27 In relation to the other matters raised, it seems to me that the case unfortunately was proceeding upon the wrong procedural track when judgment was sought on admissions rather than by way of summary judgment. Whilst, as I have indicated, I am rather sceptical of the suggestion that Saudia was not in a position to deal with the summary judgment on the merits last Friday, the reality is that that issue only arose because it was only in its skeleton argument for that hearing that Sprite shifted its attention from the form of the pleading to the substance of the so-called defence. As I have confirmed in my earlier ruling, I am satisfied that Sprite had at all times known what Saudia was giving as its reason for not paying these amounts its claim.
28 That said, we have reached a hearing today at which Sprite has succeeded in recovering £2.7 million, although it is not succeeded in its application for the $200,000. Between last Friday and today there has been somewhat a flurry of applications with amendments and strike-out applications and so forth. I would observe that, with the great benefit of hindsight, this is a case in which there has been a great deal of thought about procedural matters at the end of this phase of the litigation, and perhaps not quite as much as would have been beneficial at an earlier stage.
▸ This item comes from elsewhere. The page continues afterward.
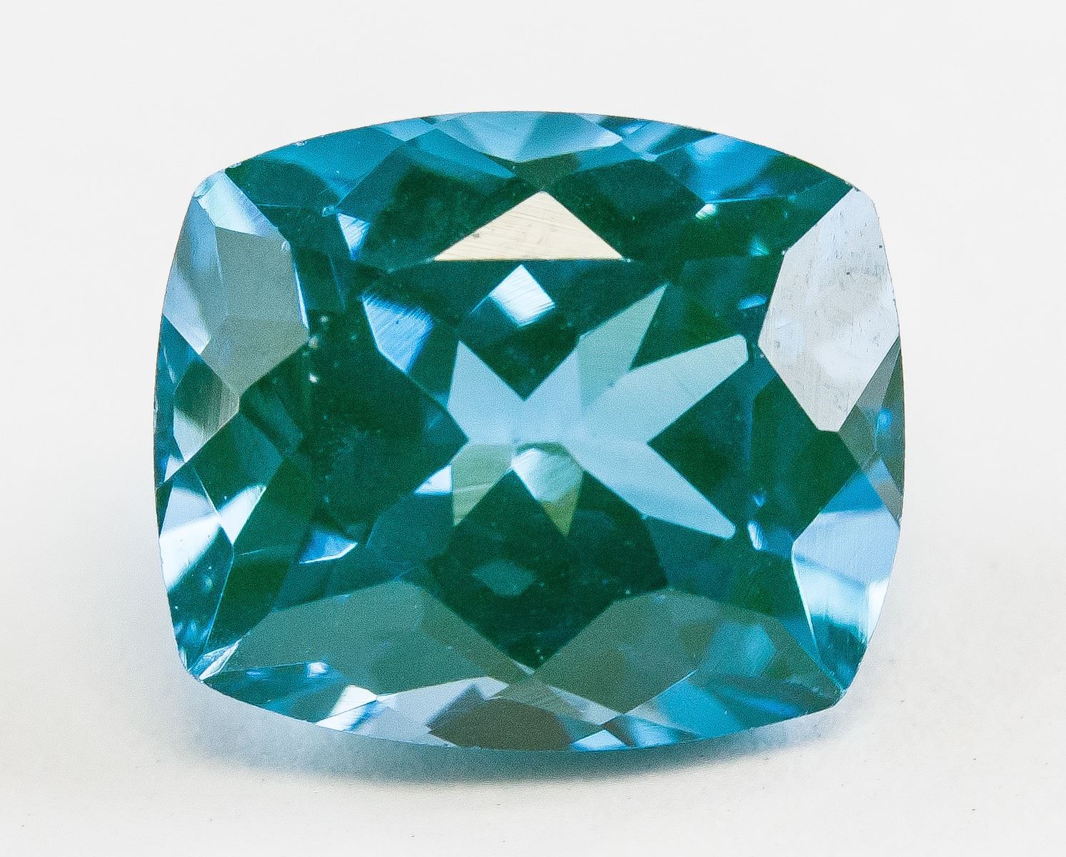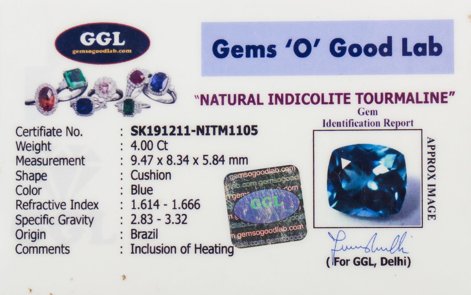 One (1) 4.00 ct cushion cut blue indicolite tourmaline gemstone. 9.47 x 8.34 x 5.84 mm. Accompanied with GGL certificate.

29 Taking all of those matters into account, I am satisfied that the appropriate order is that Sprite should get all of its costs of the admission application up to the end of last Friday’s hearing, but that there will be no order as to either party’s costs in the period thereafter.
30 It is conceded that, and realistically had to be, that the costs of the action insofar as the rent claim is concerned should be paid by Saudia to Sprite and I so order.